▶ **Aim of the exercise**
Nothing but the lines from the start of the entries below through the line containing "Adventer & Fishing kapucnis" should appear in the answer, copied exactly and free of pictures.

▶ **Supplied data**
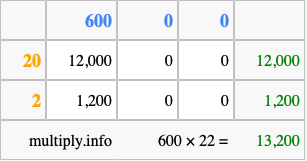 Finally, we add up all the sums we found in step 3 to get our final answer to 600 times 22.
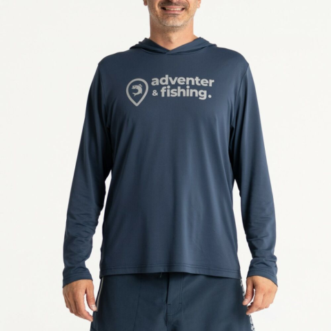 Adventer & Fishing kapucnis UV álló Póló Original Adventer Hosszú ujjú kapucnis UV póló Original Adventer témában, az Adventer & Fishing márka sötétkék színében. Ez a kapucnis UV álló póló a piacon elérhető legfinomabb nylonból készült. Az UPF50+ UV szűrővel ellátott hűtőanyag kényelmesen és komfortosan tartja a testet és elvezeti a nedvességet. A szövet szellőzést biztosít a hónalj területén. A póló a legjobb védelmet nyújtja a napfény ellen, bárm
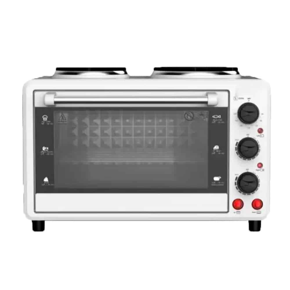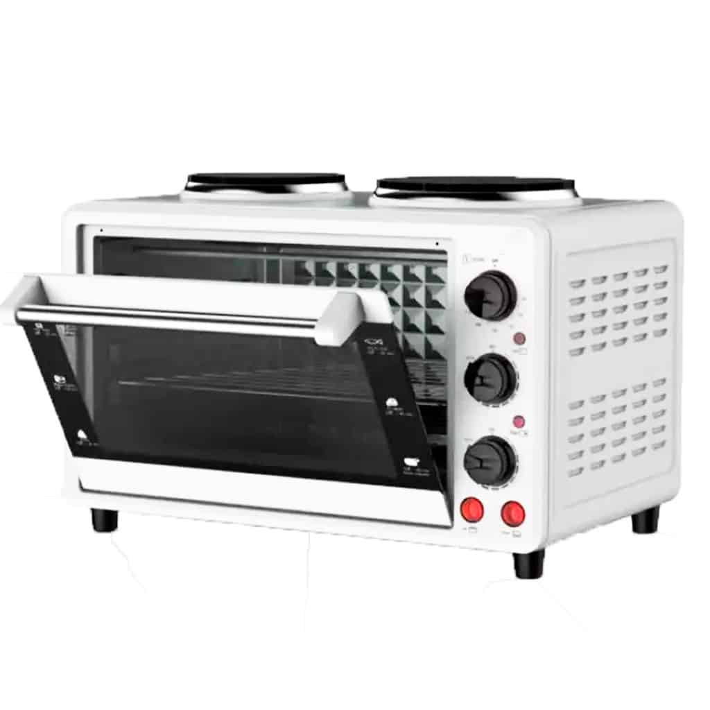 El horno eléctrico SU TAI es un horno eléctrico con un elegante y moderno diseño en color negro. Cuenta a su vez, con una puerta con un amplio visor para controlar el estado de la comida , sistema de apertura vertical y comandos de control accesibles. Además, dispone de dos hornallas superiores. Mientras que su capacidad es de 38 litros.
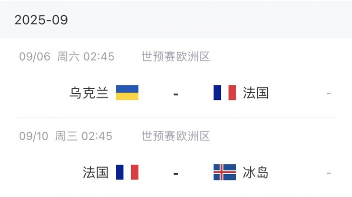 法国国度队将在9月的世欧预中对阵乌克兰和冰岛,小组第别称将平直晋级2026年全国杯。
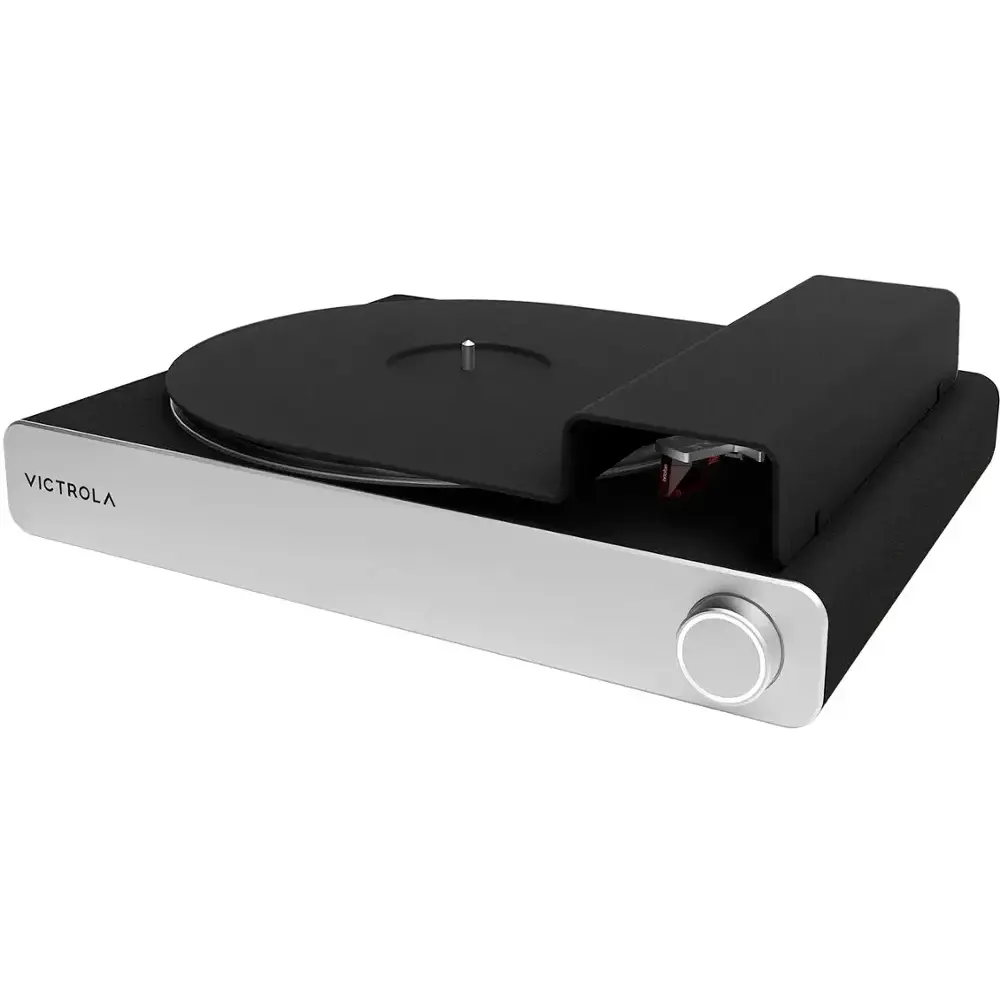 The Victrola Stream Carbon Turntable offers premium audio performance with its carbon fiber tonearm, delivering crisp and clear sound. Seamlessly integrate it with your home audio setup as it works with Sonos speakers, allowing for multi-room audio control. The turntable features a stylish black and silver finish, making it a sleek addition to any decor. Enjoy versatile connectivity with both Bluetooth and wired options, while the durable construction ensures long-lasting use and precision engineering
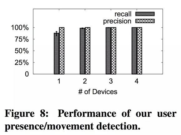 检测房间中的用户存在。图8描述了在我们的测试场景中,基于12小时CSI记录中的用户存在/移动检测的CSI性能。我们根据房间中锚固装置的数量,得到了精度和召回值结果。我们的攻击探测器非常精确,在室内分别使用一个、两个和三个锚固装置时,召唤值分别为87.8%,98.5%和99.8%,三种情况下的精确值均为99.95%。但仅使用一个锚固设备,召回值较低,因为用户可能离设备更远,因此他的移动对嗅探的CSI信号带来的可观察影响就较少。随着房间内锚装置的增加,攻击覆盖范围也将迅速增大。
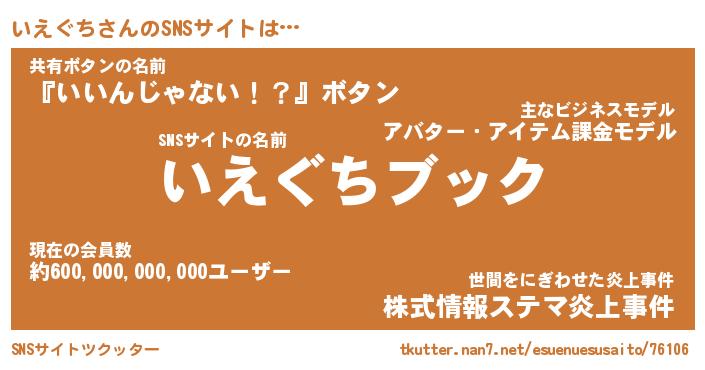 | 肩書あだ名 | 『いえぐち社長』『いえぐち大統領』 |
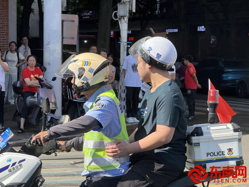 福清一中考點(diǎn)外,執(zhí)勤人員進(jìn)行高考保障工作。(東南網(wǎng)福清頻道 實(shí)習(xí)生 羅娜攝)
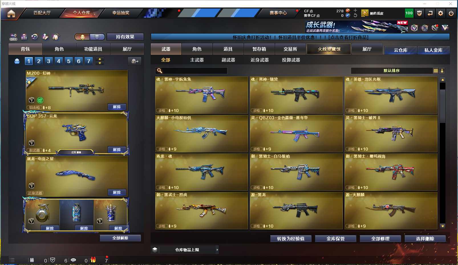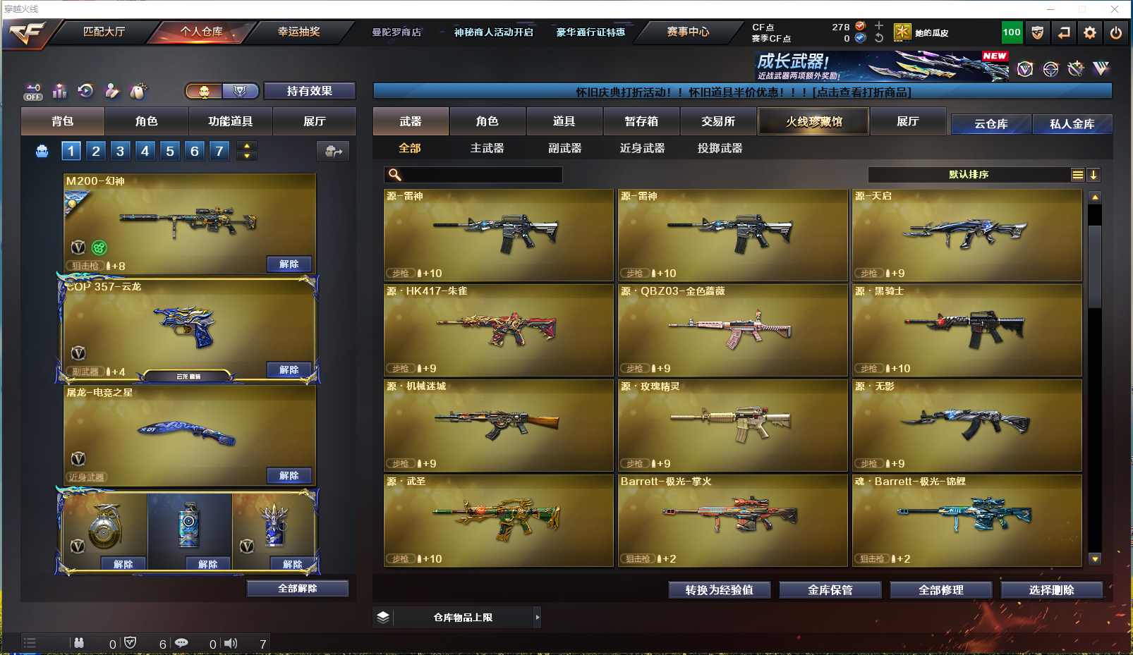 【河北一区】【可二次实名】【可排位】【新锐1】【会员等级VIP6】【CF点278】【V武器数30】【云龙套装X1套】【传说影煞】【M200-幻神】【幻神-荣耀世冠EP 皮肤】【M200-幻神音效卡】【QBZ03-云龙】【COP 357-云龙】【魂·炼狱-玩具枪】【传说影煞】【奇洋探员】【蛇隐宗】【修道士】【云海玲珑】【M4A1-雷神】【雷神-暗月】【火麒麟-CFSTAR】【Barrett-毁灭】【毁灭-暗月】
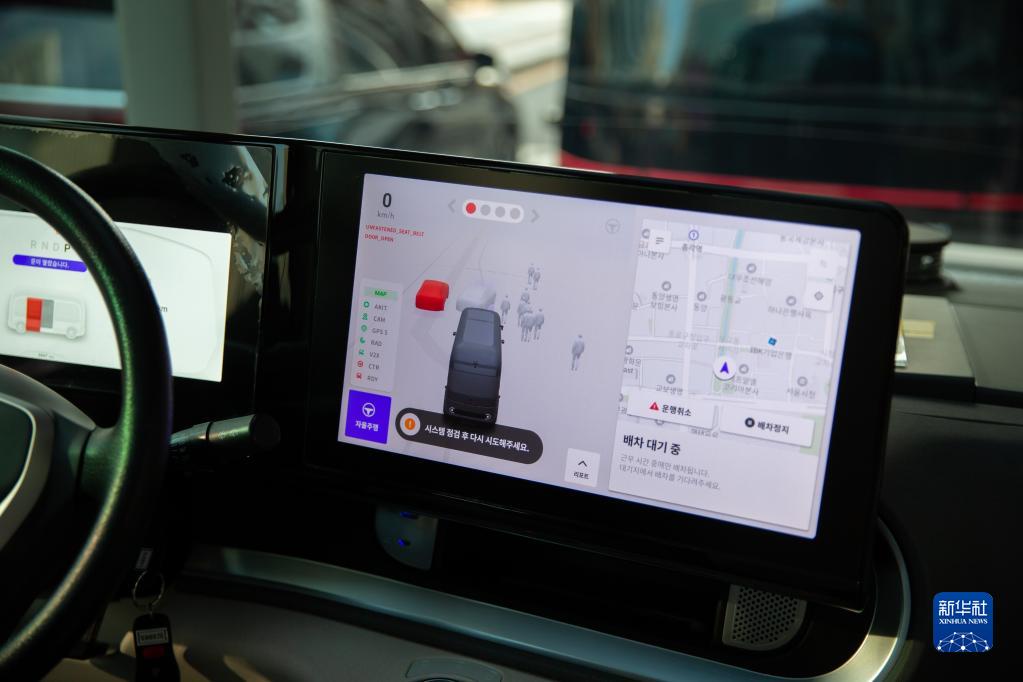 這是11月24日在韓國首爾拍攝的自動(dòng)駕駛巴士?jì)鹊娘@示屏。
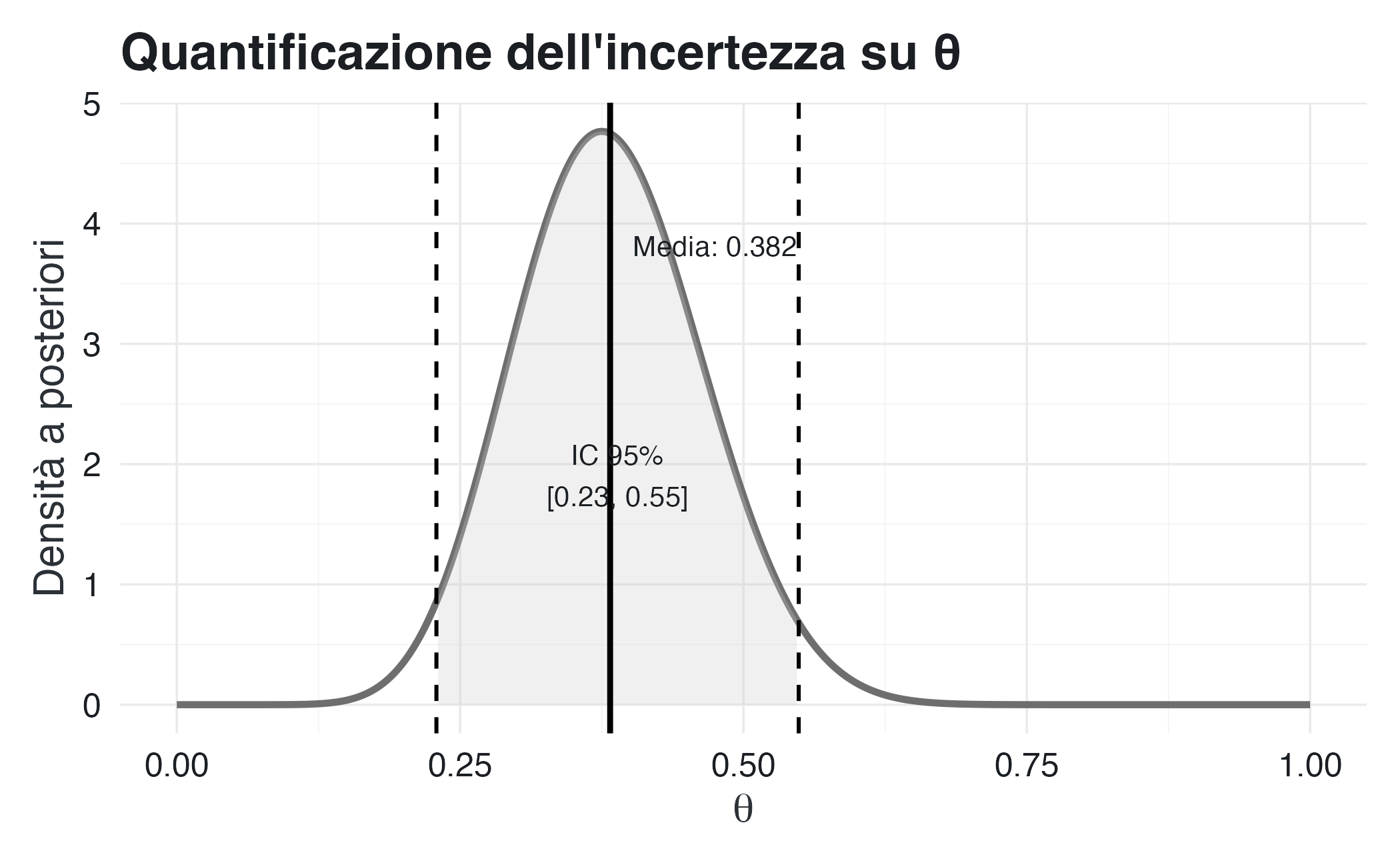 “C’è una probabilità del 95% che il vero valore del parametro sia compreso tra 0.23 e 0.55, date le nostre informazioni.”

▶ **Solution below**
 Finally, we add up all the sums we found in step 3 to get our final answer to 600 times 22.
 Adventer & Fishing kapucnis UV álló Póló Original Adventer Hosszú ujjú kapucnis UV póló Original Adventer témában, az Adventer & Fishing márka sötétkék színében. Ez a kapucnis UV álló póló a piacon elérhető legfinomabb nylonból készült. Az UPF50+ UV szűrővel ellátott hűtőanyag kényelmesen és komfortosan tartja a testet és elvezeti a nedvességet. A szövet szellőzést biztosít a hónalj területén. A póló a legjobb védelmet nyújtja a napfény ellen, bárm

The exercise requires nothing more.